Amazon Web Services Inc. will open a new data center region in Hong Kong early next year, becoming AWS’s eighth cloud computing region in Asia Pacific.
The company currently offers regions in Singapore, Tokyo, Sydney, Beijing, Seoul and Mumbai, and is set to add a second Chinese region in Ningxia later this year.
“Together, these Regions will provide our customers with a total of 19 Availability Zones and allow them to architect highly fault-tolerant applications,” Jeff Barr, chief evangelist at AWS, said in a blog post Monday. “Public sector organizations such as government agencies, educational institutions, and nonprofits in Hong Kong will be able to use this Region to store sensitive data locally.”

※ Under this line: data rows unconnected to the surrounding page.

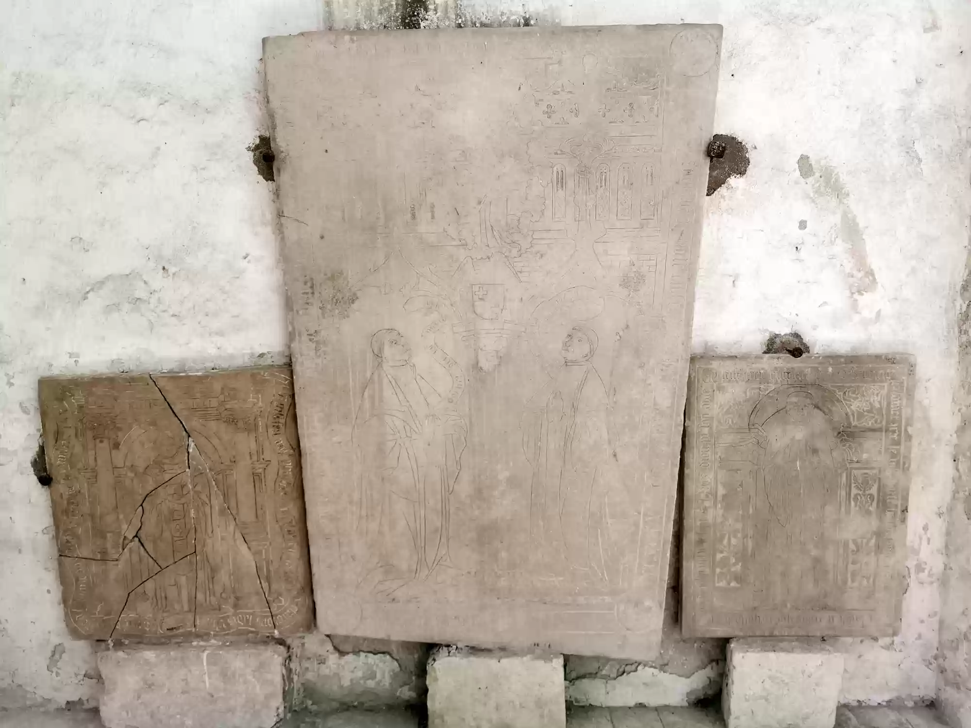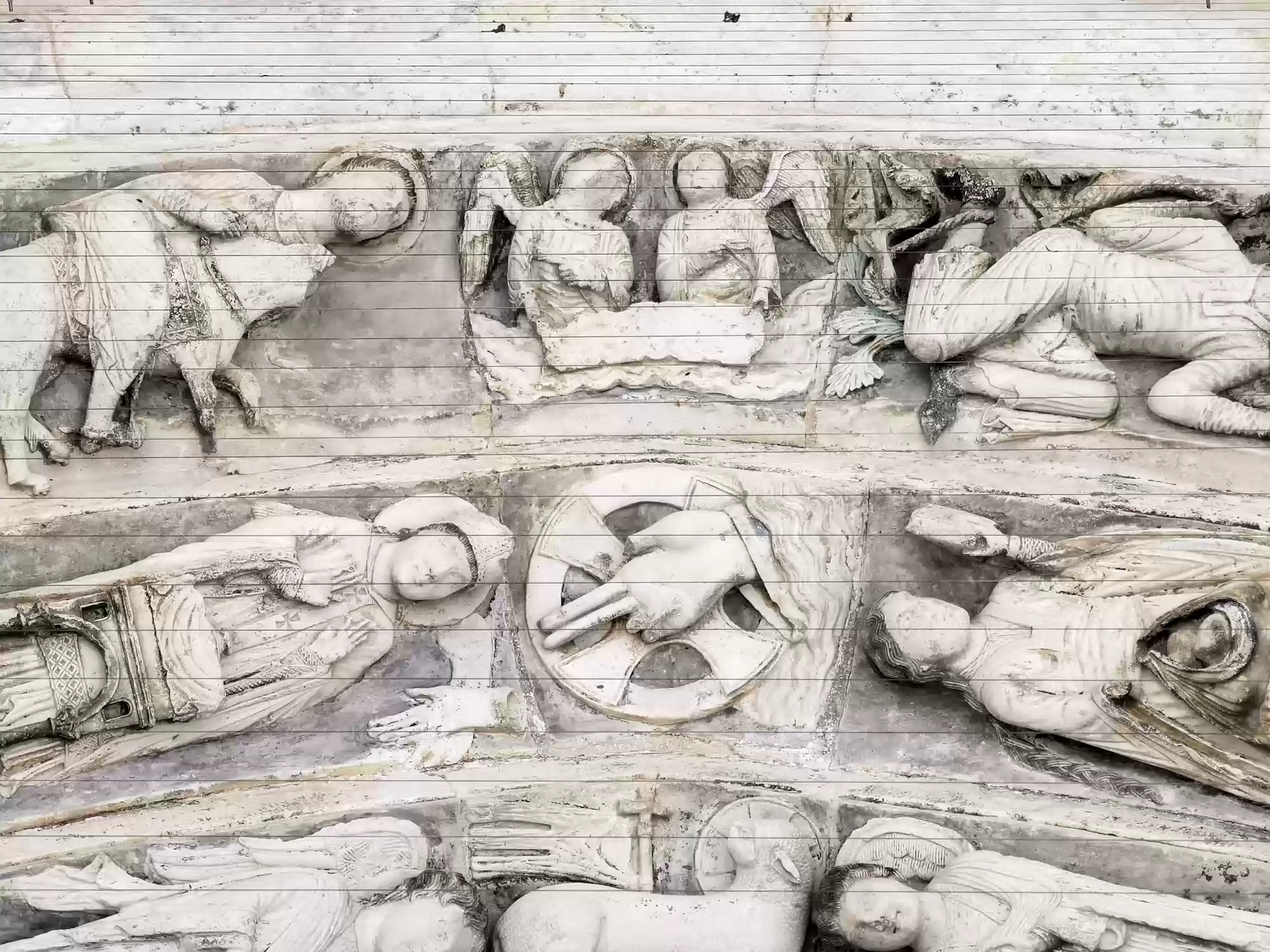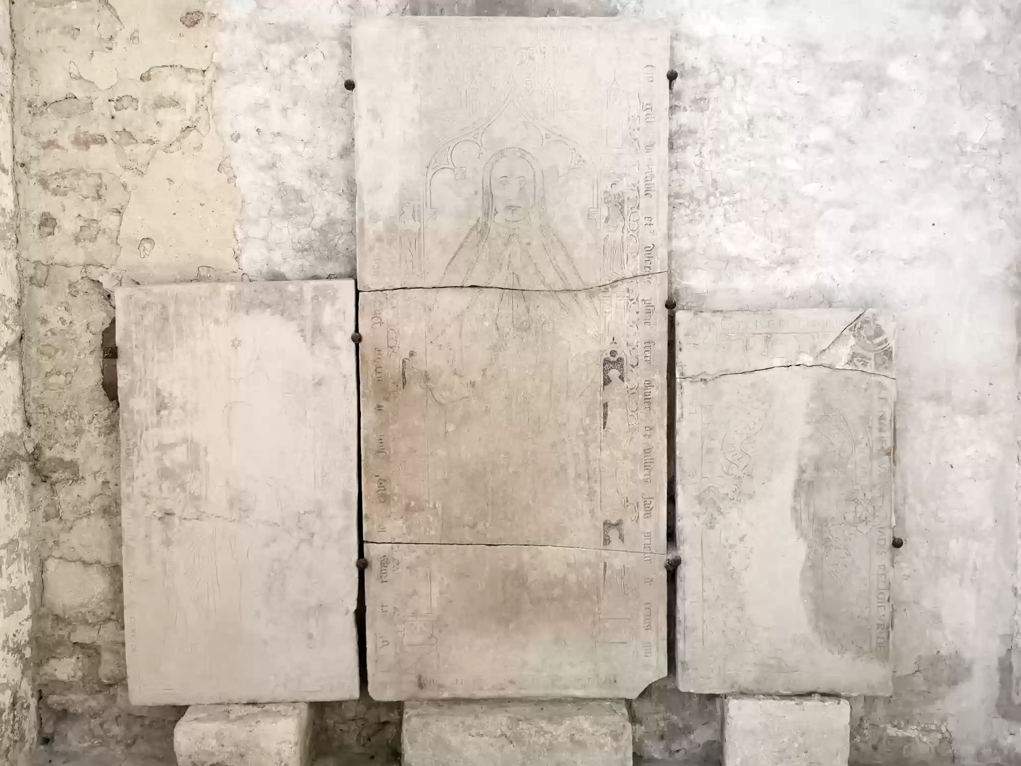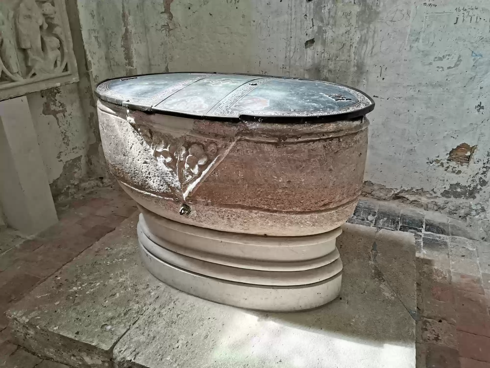 Former priory church, 12th century, dedicated to Saint Loup of Sens. Tympanum: Christ and symbols of the evangelists. Arches: life and miracles of Saint Loup. Column statue between the doors: Saint Loup. Tympanum: Christ and symbols of the evangelists. Arches: life and miracles of Saint Loup. Life and miracles of Saint Loup. Life and miracles of Saint Loup. Life and miracles of Saint Loup. Altarpiece. Walnut wood statue, 19th century. Noyen-sur-SeineCaesar tower Labels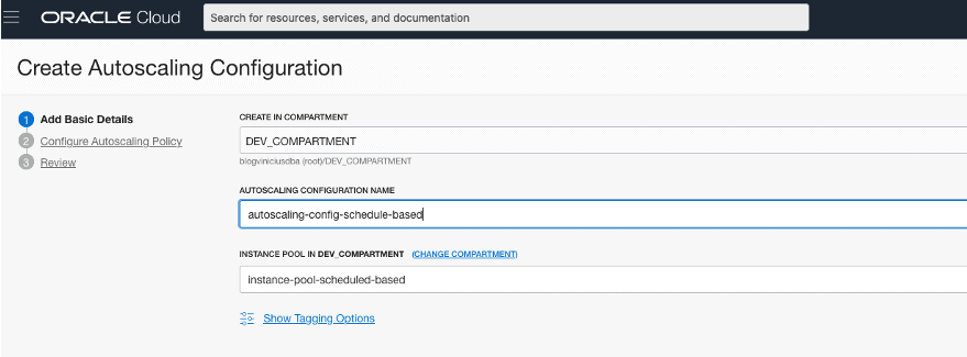 Selecione o compartment DEV_COMPARTMENT e defina um nome para a configuração de autoscaling, no exemplo utilizei autoscaling-config-schedule-based. Clique em Next: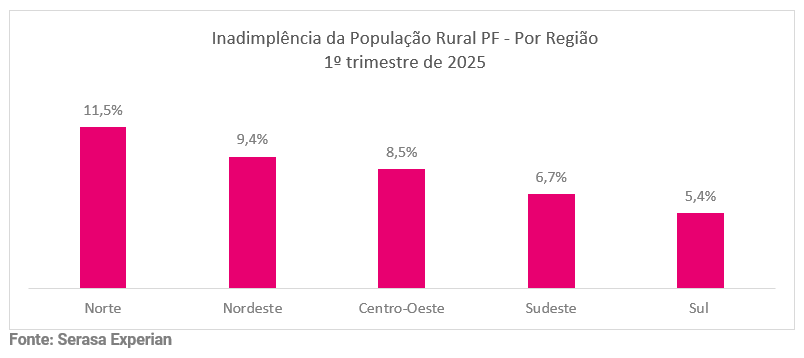 A análise por regiões mostrou como o Norte do país possui o maior percentual de pessoas físicas que atuam no agronegócio com o nome no vermelho. Em sequência estavam o Nordeste, o Centro-Oeste, o Sudeste e o Sul – que continua com os menores percentuais. Confira no gráfico a seguir os dados na íntegra: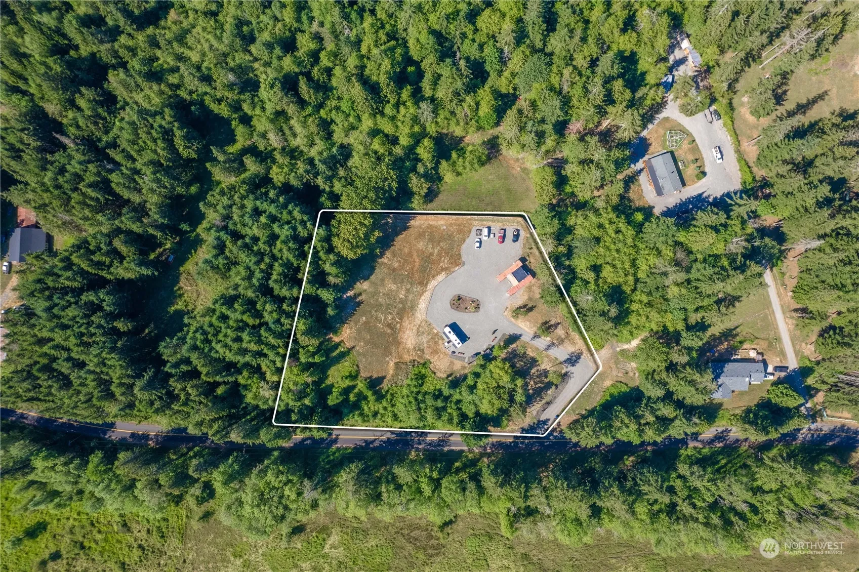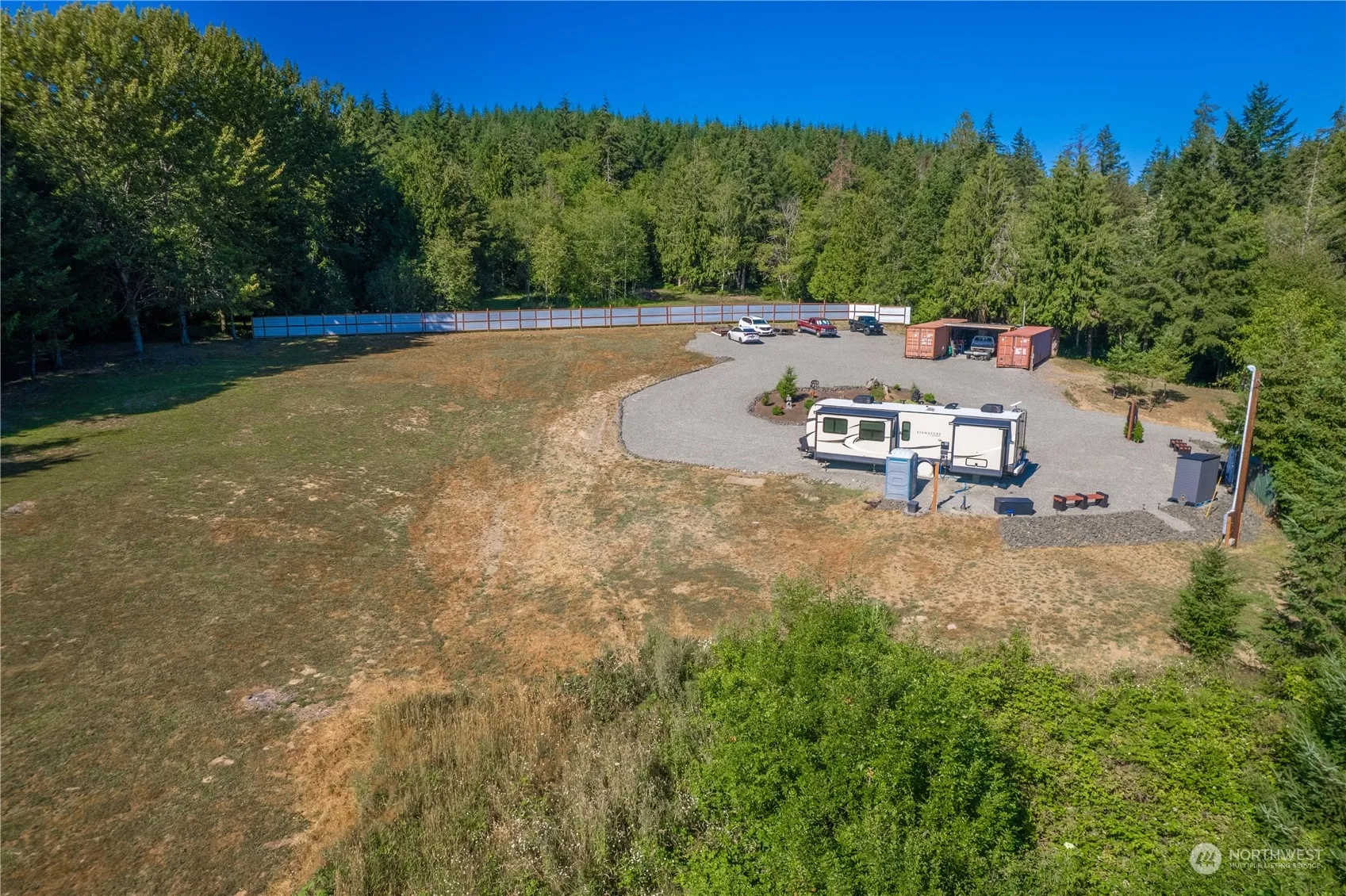 BACK ON MARKET! Property recently sailed right through feasibility! RARE chance to own build-ready acreage on Big Hanaford! Partially cleared, landscaped, & ready for your dream to begin. Want to live onsite while building? List price includes EVERYTHING on the property: 2020 36ft Full-Time living RV w/ washer + dryer & residential fridge, (2) 40ft containers w/ 110/220, etc! Enjoy daily wildlife & nature. The sweeping view & panoramic skyline is incredible! 3 bedroom septic design is complete & ready for submittal to county. Newer private well + electricity installed onsite. Well pumps impressive 20+ GPM! Ring Cameras + Starlink internet included! What are you waiting for? Your dream build can start ASAP!

AWS’s cloud infrastructure is organized around various “regions” and “availability zones.” A region equates to a geographical area that’s served by its data centers. Inside each of these regions AWS offers availability zones that are made up of one or more data centers. Each of these has its own redundant power, connectivity and networking capabilities housed in separate facilities. The AWS “U.S. East” and “Europe” regions, for example, both offer eight availability zones.
AWS says its availability zones are linked to each other through private fiber-optic networks so that customers can setup their applications to fail over automatically between zones when necessary to prevent any service interruptions. That means its customers can run things such as databases and applications with greater availability. It also makes them more fault-tolerant than is possible from a single data center.
In total, AWS currently offers 43 availability zones from 16 geographic regions. It has already announced plans to add another three regions and eight availability zones in China, France and Sweden by the end of next year.